Passengers on the Heathrow Express and TfL Rail between Heathrow and Paddington will also be able to use oyster and contactless technology to pay for their journeys from May 2018.
From 2026 passengers on HS2 will also be able to change to get to Heathrow by the Elizabeth Line at the Old Oak Common Interchange.
The moves are part of Heathrow's goal to have half of all journeys to and from the airport made by electric or low emission public transport by 2030.
When Crossrail fully opens in December 2019, there will be 12 Piccadilly Line trains (six to Terminals 2, 3 and 4 and six to Terminals 2, 3 and 5), Six Elizabeth Line Trains (four serving Terminals 2, 3 and 4 and two serving Terminals 2, 3 and 5) and four Heathrow Express trains, every hour.
An additional two trains per hour to Terminal 5 are also under consideration, as is western rail access to the Europe's busiest airport.
The airport is also working to improve the bus service network to ensure easier and more frequent access to the terminals.

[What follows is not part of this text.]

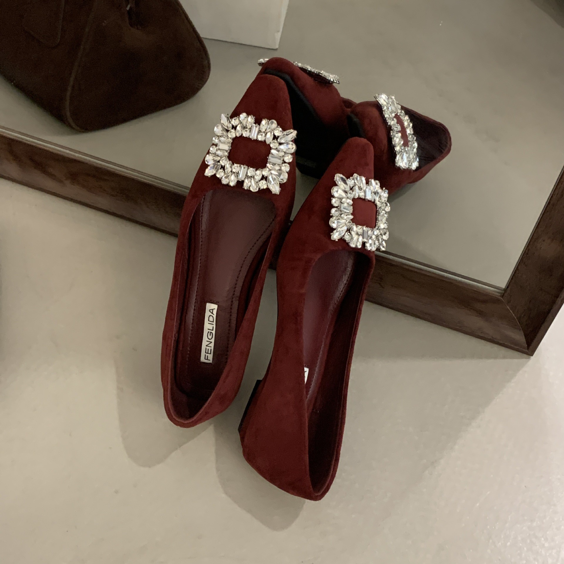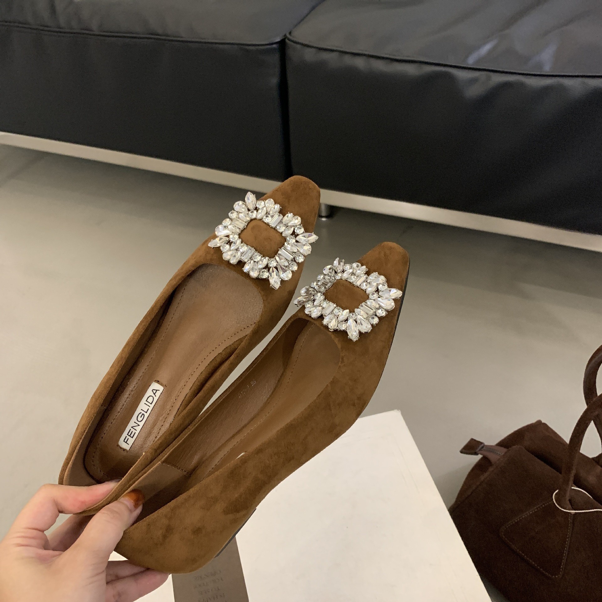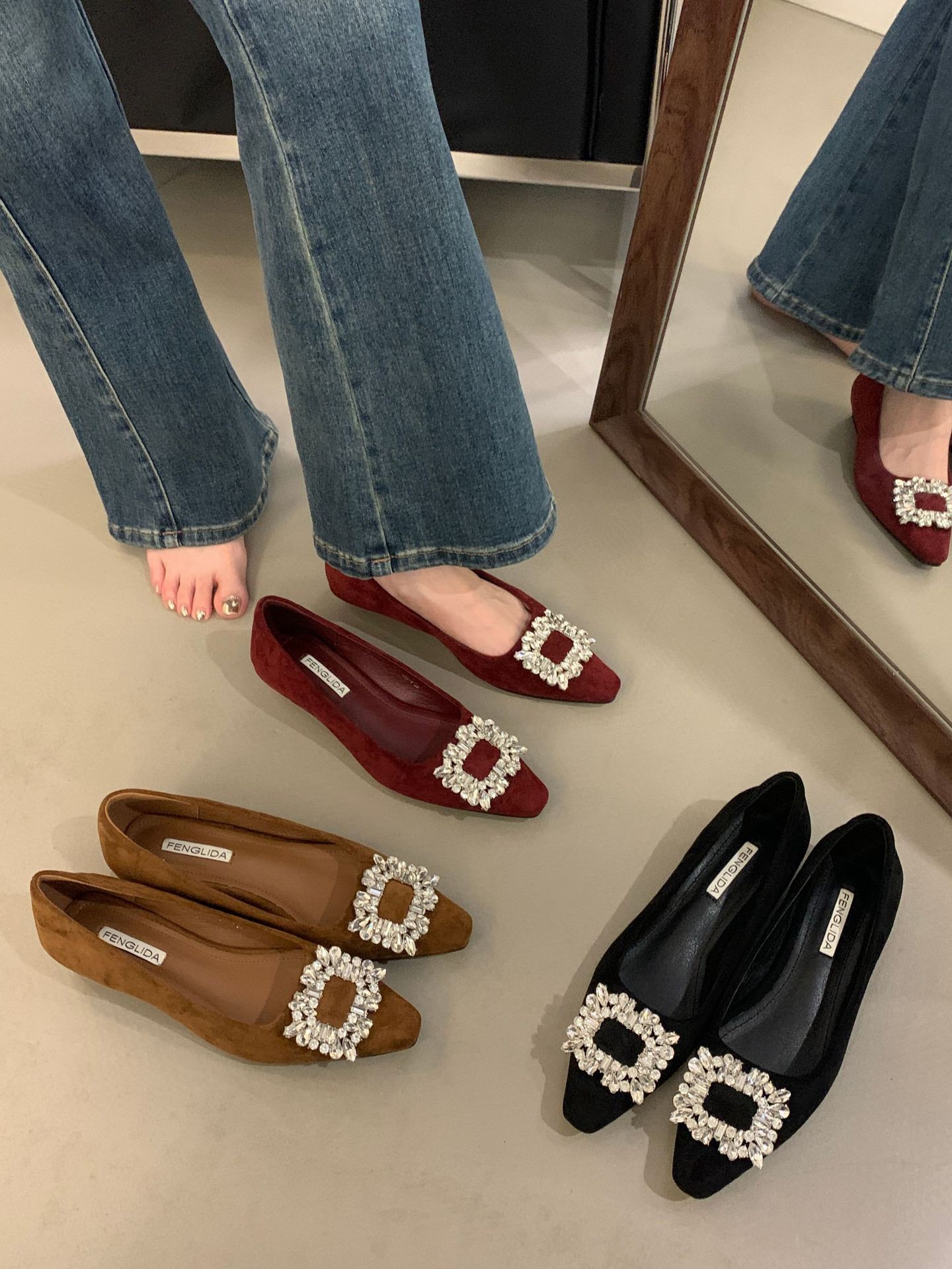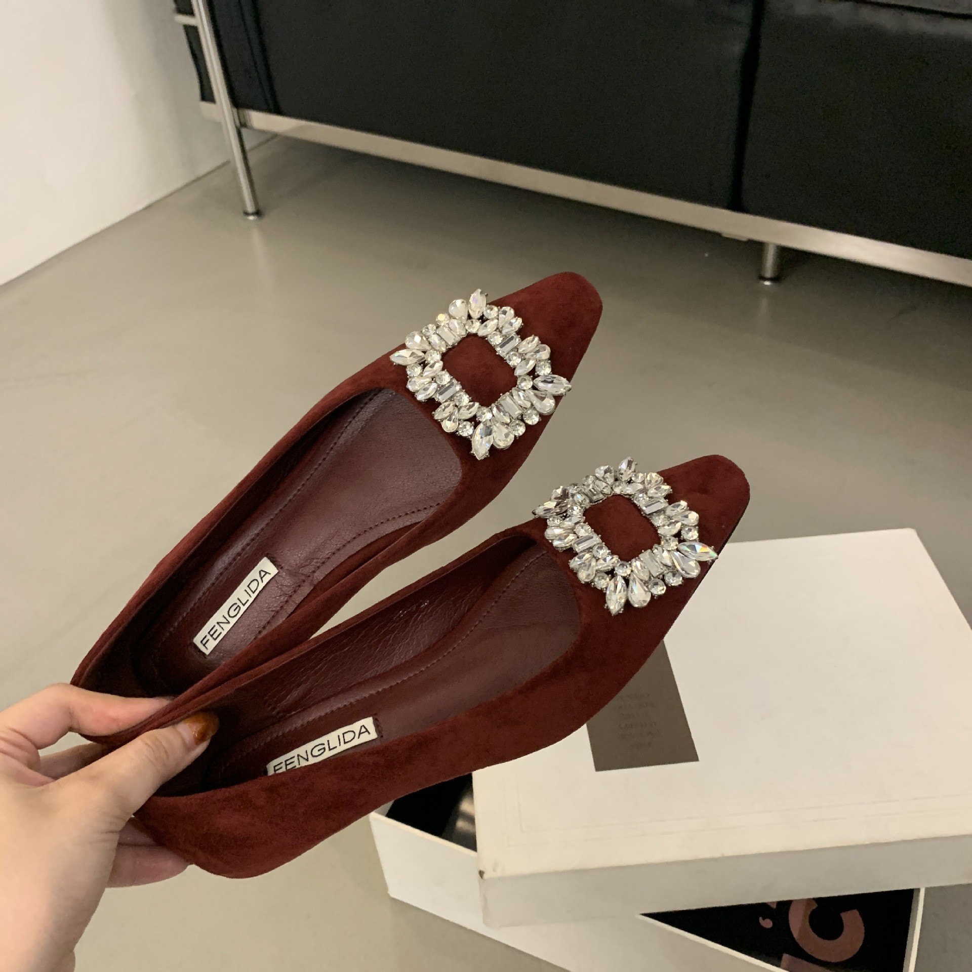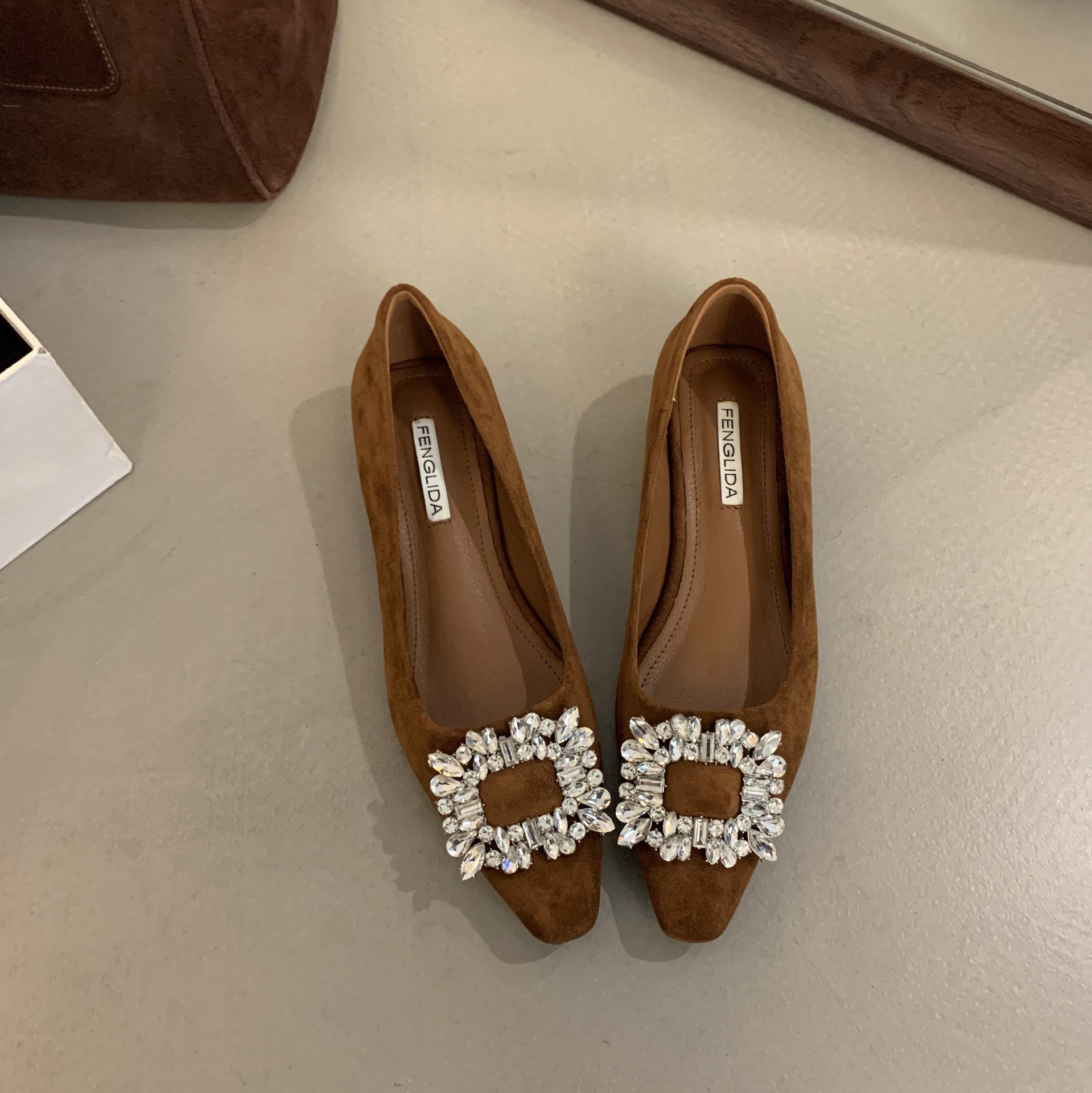 프랑스 뾰족한 발가락 통근 신발 여성의 2024 년 새 가을 얕은 입 올 매치 라인스톤 스퀘어 버클 우아한 플랫 레이디 슈즈스토어 가기

Heathrow CEO John Holland-Kaye said: “This agreement is a big step forward. Together Heathrow, TfL and the DfT are working together to boost rail connections to the UK’s hub, giving our passengers more choices to travel sustainably between Heathrow and London.”
“With 22 trains per hour, an ambition to add even more services and easy to use Oyster and Contactless ticketing, Heathrow will be at the heart of an integrated transport network and our passengers will reap the benefits.”